Utilisées pour combattre les poux, les huiles essentielles de lavande et d’arbre à thé pourraient agir comme perturbateurs endocriniens, met en garde le magazine 60 Millions de consommateurs de l'Institut national français de la consommation.

Depuis quelques années, une abondante offre de produits antipoux à base d’huiles essentielles s’est développée en pharmacie, que ce soit pour éradiquer les poux ou pour prévenir leur apparition.

Les fabricants utilisent surtout deux huiles essentielles : celle de lavande et celle d’arbre à thé (tea tree).

« Sur le Web, on trouve également une multitude de recettes artisanales antipoux à base de ces deux huiles essentielles. Une société a même mis au point un bandeau en tissu antipoux qui diffuse en continu, grâce à des microcapsules, de l’huile essentielle de lavande dans les cheveux. »

Le centre antipoison de Lille a publié en 2016 un bulletin d’information intitulé « Alerte : intoxications aux huiles essentielles », qui décrit trois cas de poussée mammaire anormale (« gynécomastie ») chez des jeunes garçons, rapporte « 60 Millions ». Ces symptômes pourraient être provoqués par « une éventuelle stimulation œstrogénique des composants de l’huile essentielle de lavande », estimaient les auteurs. L’arbre à thé est également suspecté.

Ce bulletin suggère que ces deux huiles essentielles pourraient – dans des circonstances qui restent à déterminer – mimer l’action d’hormones et ainsi agir comme des perturbateurs endocriniens.

Ces trois cas ne seraient pas isolés, selon l’Association française des pédiatres endocrinologues libéraux (AFPEL). « D’autres cas sont décrits dans la littérature scientifique et par des praticiens sur le terrain », indique la Dre Patricia Bartaire, membre fondatrice de l’association.

Le communiqué précise :

« Sollicitées par 60 Millions, ni la Répression des fraudes ni les principales agences sanitaires n’ont été en mesure de fournir des informations complémentaires.

Les services de l’Agence de sécurité sanitaire (Anses) indiquent toutefois mener des travaux sur la toxicité potentielle des huiles essentielles, fondés “en partie sur des données collectées par les centres antipoison”. Mais le caractère de “perturbateurs endocriniens potentiels” n'entre pas dans le champ de ces travaux qui se concentrent sur “les cas aigus”, précise une porte-parle de l’Agence à 60 Millions.
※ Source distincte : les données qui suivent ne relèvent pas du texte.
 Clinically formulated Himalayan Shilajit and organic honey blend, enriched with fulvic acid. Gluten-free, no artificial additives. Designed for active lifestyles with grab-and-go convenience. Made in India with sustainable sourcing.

Les huiles essentielles sont utilisées comme des médicaments, des cosmétiques ou encore comme des compléments alimentaires. Mais au niveau réglementaire, elles ne rentrent pas forcément dans l’une de ces catégories. Par exemple, seulement trois médicaments contenant de l’huile essentielle de lavande sont répertoriés par l’Agence du médicament. Et aucun avec de l’huile essentielle d’arbre à thé. C’est la raison pour laquelle leur potentiel toxique reste peu étudié alors que leurs usages se banalisent.
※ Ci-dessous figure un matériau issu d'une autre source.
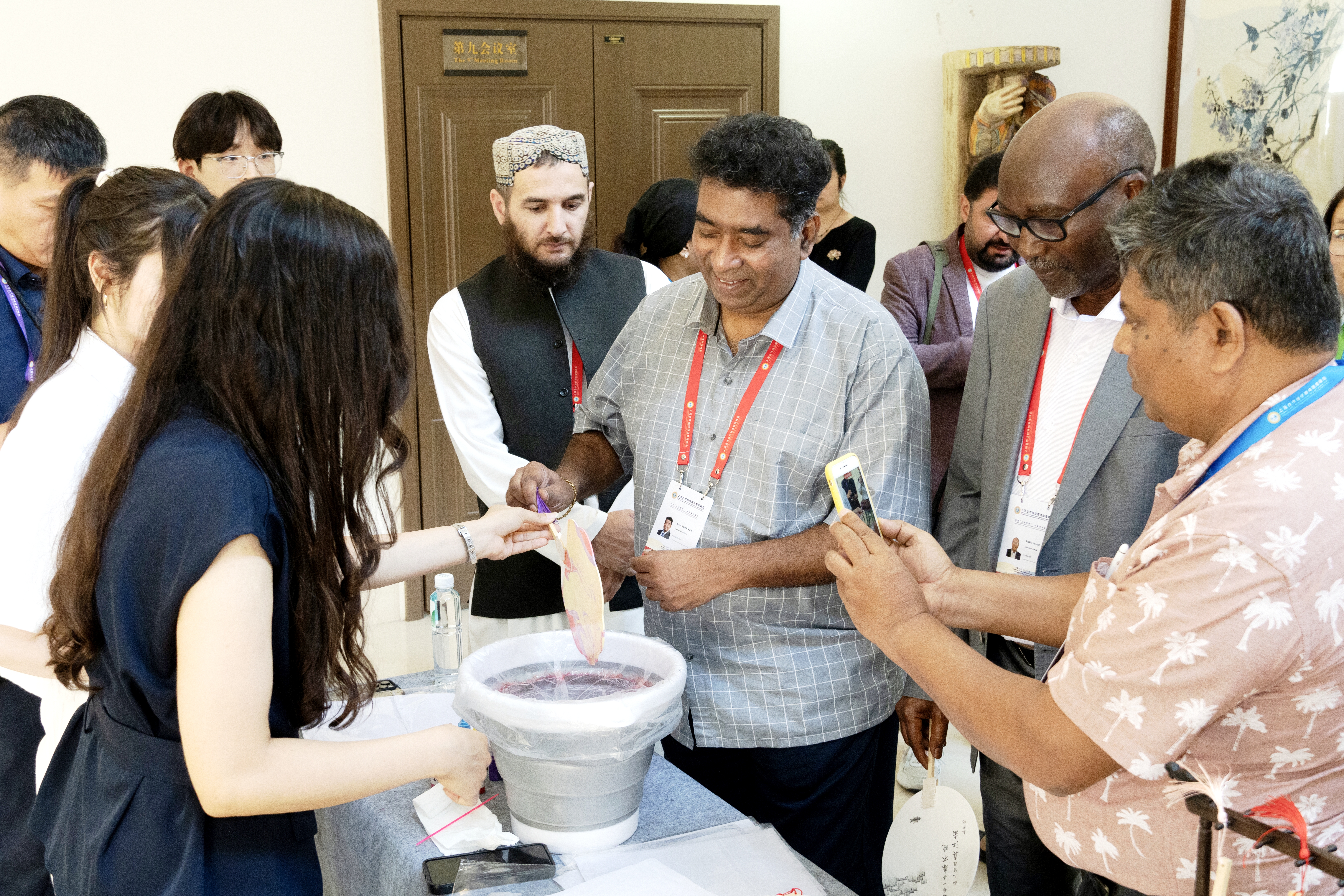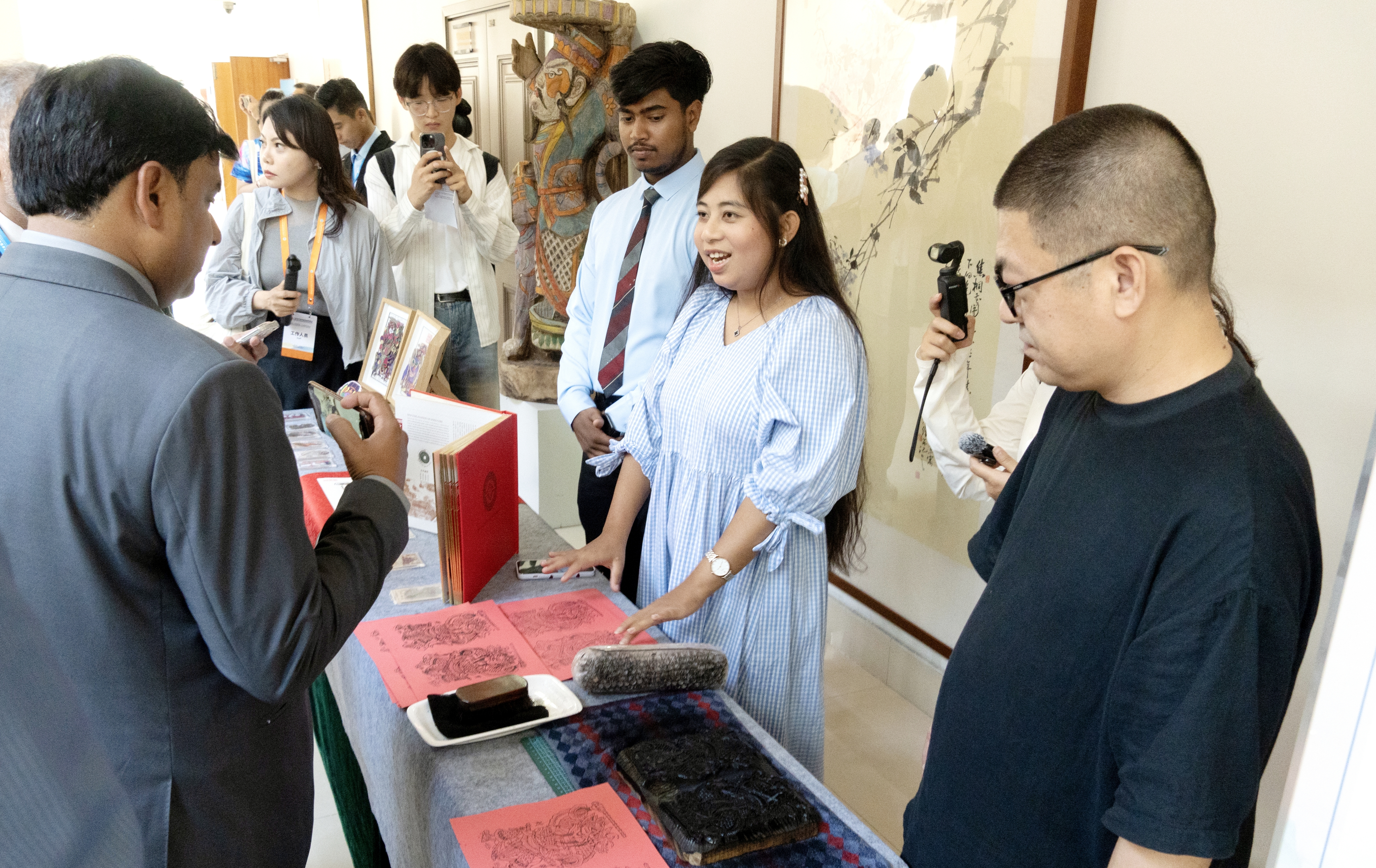 与会嘉宾体验书法、漆扇、拓印等非物质文化遗产活动

Parmi les trop rares publications scientifiques qui ont étudié l’hypothèse de perturbations endocriniennes lors d’expositions aux huiles essentielles, la plus remarquée remonte à 2007. Elle a été publiée dans le New England Journal of Medicine, une revue scientifique américaine de référence. Comme dans le bulletin du centre antipoison de Lille, cette étude décrit, mais dans le détail cette fois, des poussées mammaires survenues chez trois garçons âgés de 4, 7 et 10 ans. Ces derniers utilisaient régulièrement des cosmétiques formulés avec des huiles essentielles de lavande et d’arbre à thé. Les symptômes ont régressé après que les enfants ont arrêté d’utiliser ces produits.

En complément de leurs observations, les chercheurs américains ont testé les effets des huiles essentielles de lavande et d’arbre à thé sur des lignées de cellules humaines sensibles aux hormones œstrogènes. Selon leurs conclusions, cette expérience met en évidence une activité qui se rapprocherait de celle des œstrogènes naturels. »

« Les autorités de santé doivent a minima informer la population des données scientifiques qui mettent en cause ces huiles essentielles d’usage très courant. Et, par principe de précaution, la question se pose aussi d’encadrer plus strictement les usages chez l’enfant et l’adolescent », conclut le magazine.

Psychomédia avec source : 60 Millions de consommateurs.